Traditionally, the experimentalists filled this role, running the machines and looking at the data — but in high-energy physics and many other subfields, there’s too much data for this to be feasible. Researchers can’t just eyeball a few events in the accelerator and come to conclusions; at the Large Hadron Collider, for instance, about a billion particle collisions happen per second, which sensors detect, process, and store in vast computing systems. And it’s not just quantity. All this data is outrageously complex, made more so by simulation.

In other words, these experiments produce more data than anyone could possibly analyze with traditional tools. And those tools are imperfect anyway, requiring researchers to boil down many complex events into just a handful of attributes — say, the number of photons at a given energy. A lot of science gets left out.

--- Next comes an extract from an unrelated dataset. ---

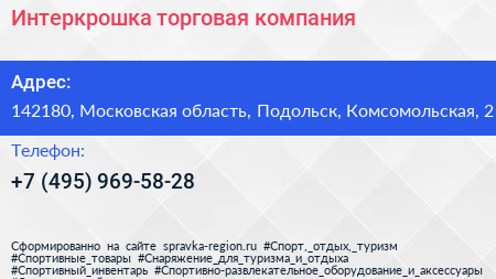 Интеркрошка, торговая компания по адресу 142180, Московская область, Подольск, Комсомольская, 2 в дальнейшем Организация, размещена в следующих категориях: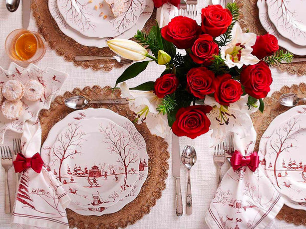 Encapsulating Christmas in all its glory, this beautiful place set is a perfect addition to your Christmas dinner table setting. In lovely shades of red, the plate has scenic illustrations of the holiday season that are not only great for enjoying your meals but also displaying as a piece of art.

In response to this conundrum, a growing movement in high-energy physics and other subfields, like nuclear physics and astrophysics, seeks to analyze data in its full complexity — to let the data speak for itself. Experts in this area are using cutting-edge data science tools to decide which data to keep and which to discard, and to sniff out subtle patterns.

Machine learning, in particular, has allowed scientists to do what they couldn’t before. For example, in the hunt for new particles, like those that might comprise dark matter, physicists don’t look for single, impossible events. Instead, they look for events that happen more often than they should. This is a much harder task, requiring data-parsing at herculean scales, and machine learning has given physicists an edge.

Nowadays, the experimentalists who manage the control rooms of particle accelerators are seldom the ones developing the tools of machine learning. The former are certainly experts; they run colliders, after all. But in projects of such monumental scale, nobody can do it all, and specialization reigns. After the machines run, the data people step in.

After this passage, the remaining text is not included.